Data below:
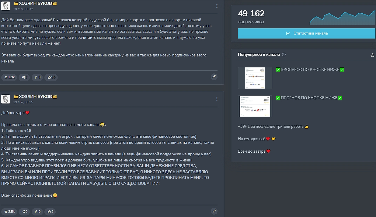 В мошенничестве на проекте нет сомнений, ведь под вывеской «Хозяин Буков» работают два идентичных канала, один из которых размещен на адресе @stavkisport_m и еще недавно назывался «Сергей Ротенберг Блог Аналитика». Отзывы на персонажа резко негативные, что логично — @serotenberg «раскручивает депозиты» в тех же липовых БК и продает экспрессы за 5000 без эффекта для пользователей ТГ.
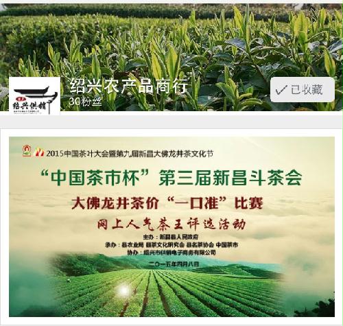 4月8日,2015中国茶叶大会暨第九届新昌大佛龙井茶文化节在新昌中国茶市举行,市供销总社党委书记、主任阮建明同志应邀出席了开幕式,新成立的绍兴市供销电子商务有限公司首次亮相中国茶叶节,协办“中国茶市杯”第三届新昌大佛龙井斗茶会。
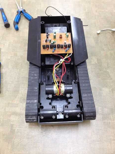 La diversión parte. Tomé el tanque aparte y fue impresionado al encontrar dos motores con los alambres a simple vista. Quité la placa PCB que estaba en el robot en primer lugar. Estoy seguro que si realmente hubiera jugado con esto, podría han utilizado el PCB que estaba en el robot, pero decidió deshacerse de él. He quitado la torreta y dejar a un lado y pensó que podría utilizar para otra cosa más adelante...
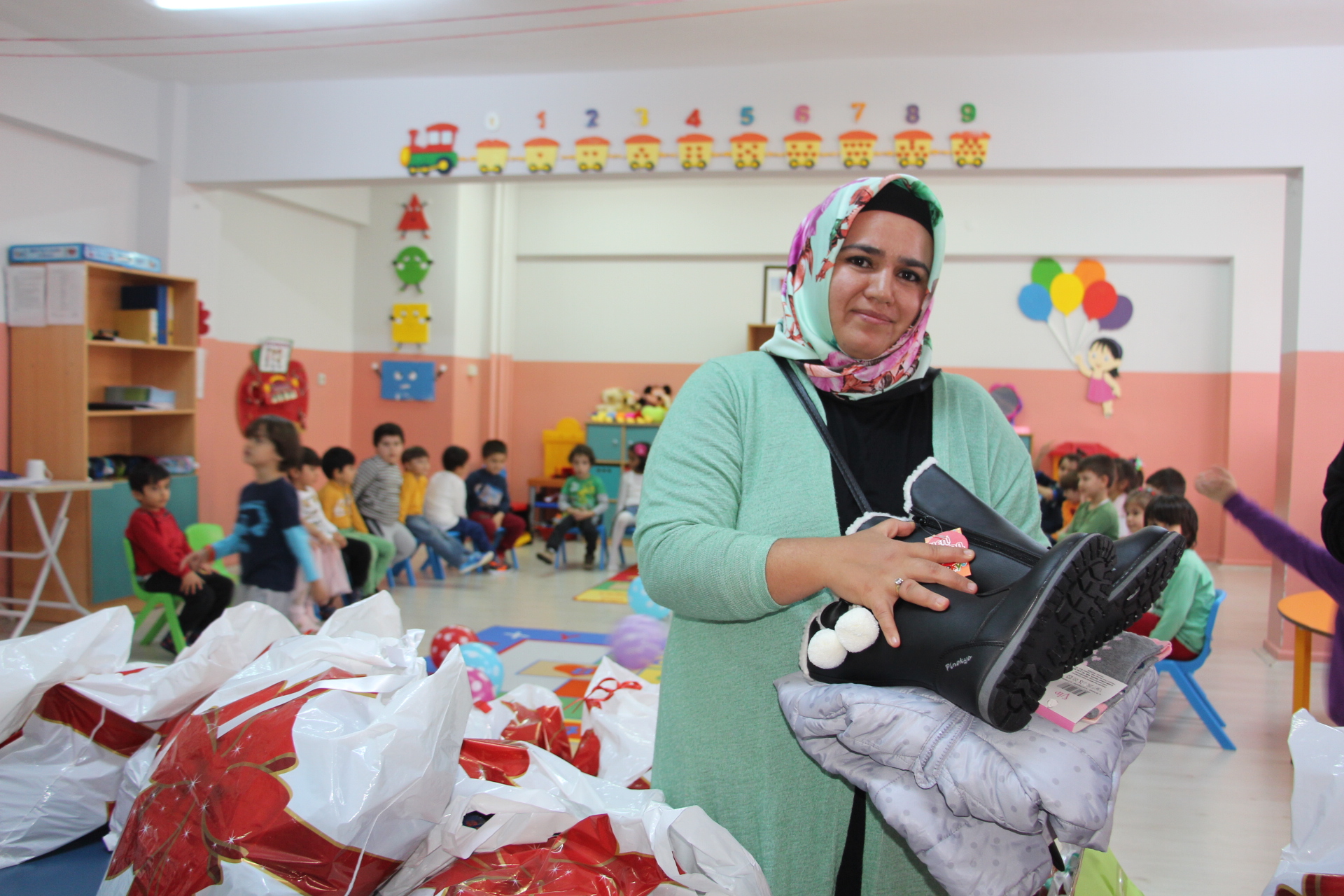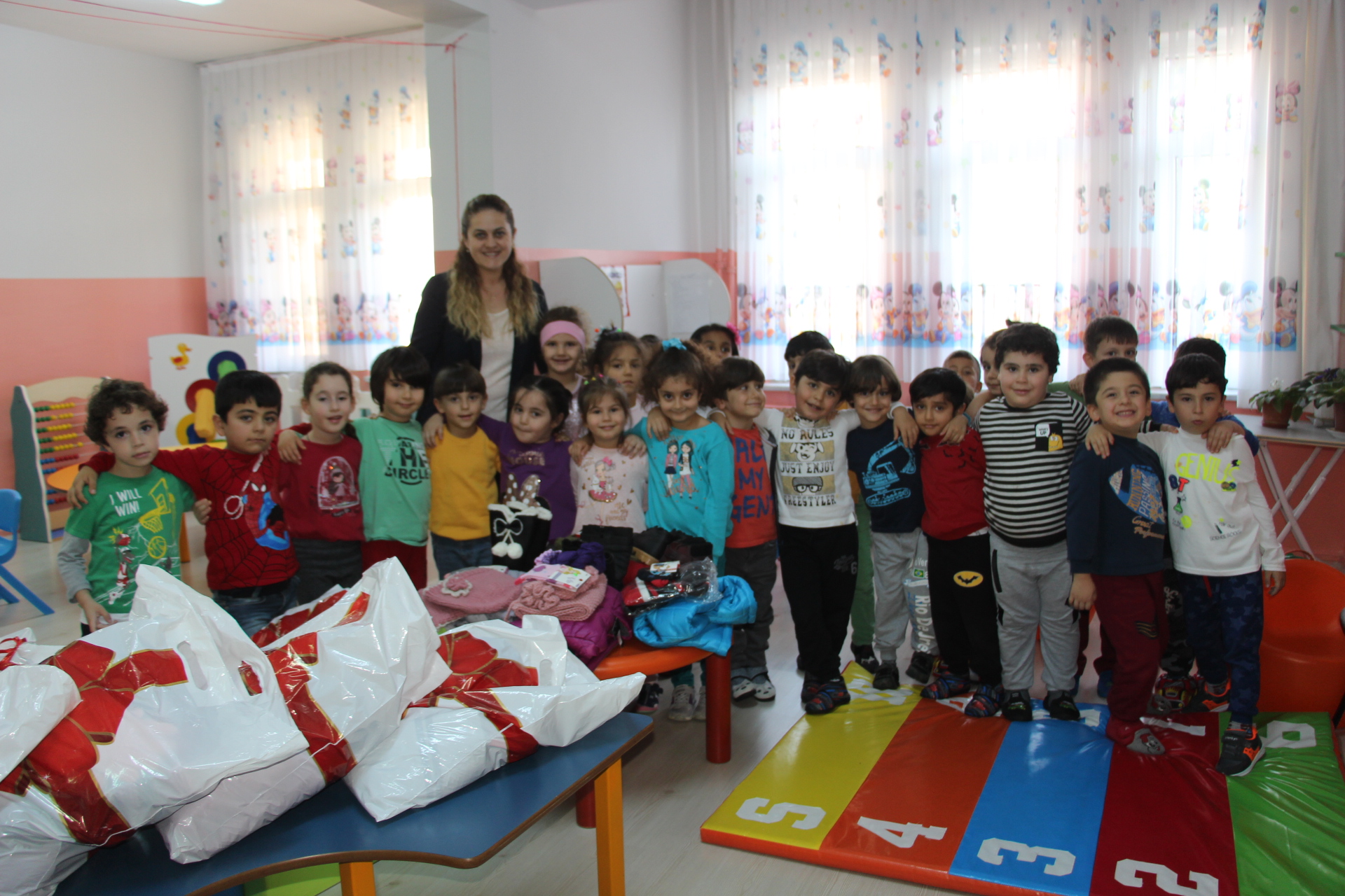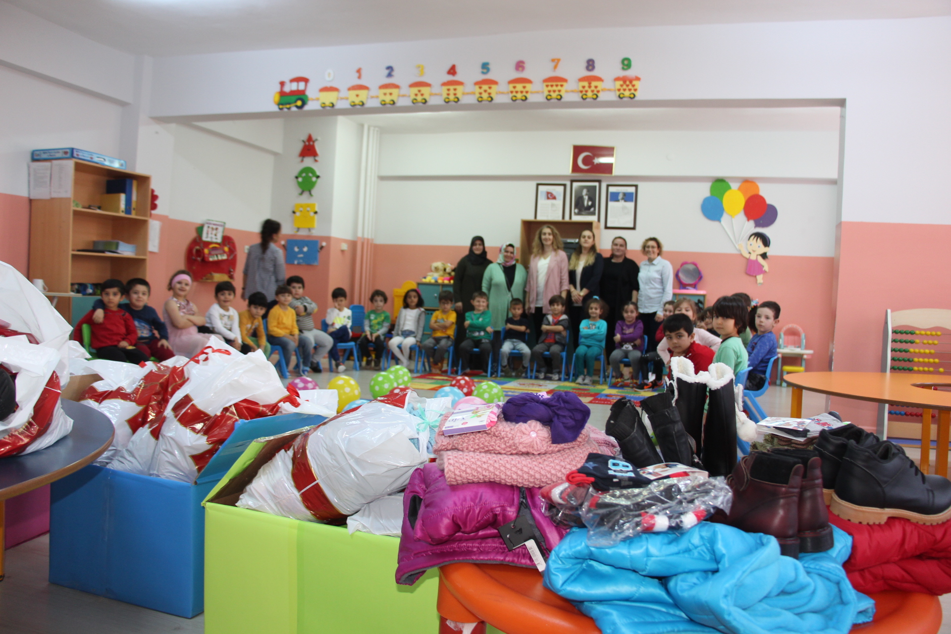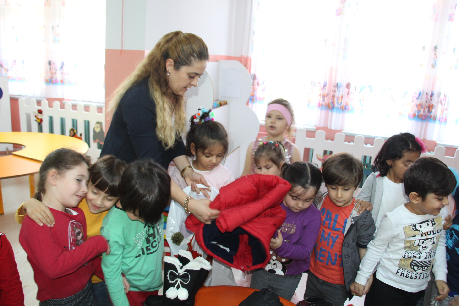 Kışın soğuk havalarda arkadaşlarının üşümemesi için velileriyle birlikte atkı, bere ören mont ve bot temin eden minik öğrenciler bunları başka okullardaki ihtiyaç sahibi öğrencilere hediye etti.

What you need to do:
Please reproduce each line of the listing above exactly, skipping pictures.

Exercise output:
 В мошенничестве на проекте нет сомнений, ведь под вывеской «Хозяин Буков» работают два идентичных канала, один из которых размещен на адресе @stavkisport_m и еще недавно назывался «Сергей Ротенберг Блог Аналитика». Отзывы на персонажа резко негативные, что логично — @serotenberg «раскручивает депозиты» в тех же липовых БК и продает экспрессы за 5000 без эффекта для пользователей ТГ.
 4月8日,2015中国茶叶大会暨第九届新昌大佛龙井茶文化节在新昌中国茶市举行,市供销总社党委书记、主任阮建明同志应邀出席了开幕式,新成立的绍兴市供销电子商务有限公司首次亮相中国茶叶节,协办“中国茶市杯”第三届新昌大佛龙井斗茶会。
 La diversión parte. Tomé el tanque aparte y fue impresionado al encontrar dos motores con los alambres a simple vista. Quité la placa PCB que estaba en el robot en primer lugar. Estoy seguro que si realmente hubiera jugado con esto, podría han utilizado el PCB que estaba en el robot, pero decidió deshacerse de él. He quitado la torreta y dejar a un lado y pensó que podría utilizar para otra cosa más adelante...
 Kışın soğuk havalarda arkadaşlarının üşümemesi için velileriyle birlikte atkı, bere ören mont ve bot temin eden minik öğrenciler bunları başka okullardaki ihtiyaç sahibi öğrencilere hediye etti.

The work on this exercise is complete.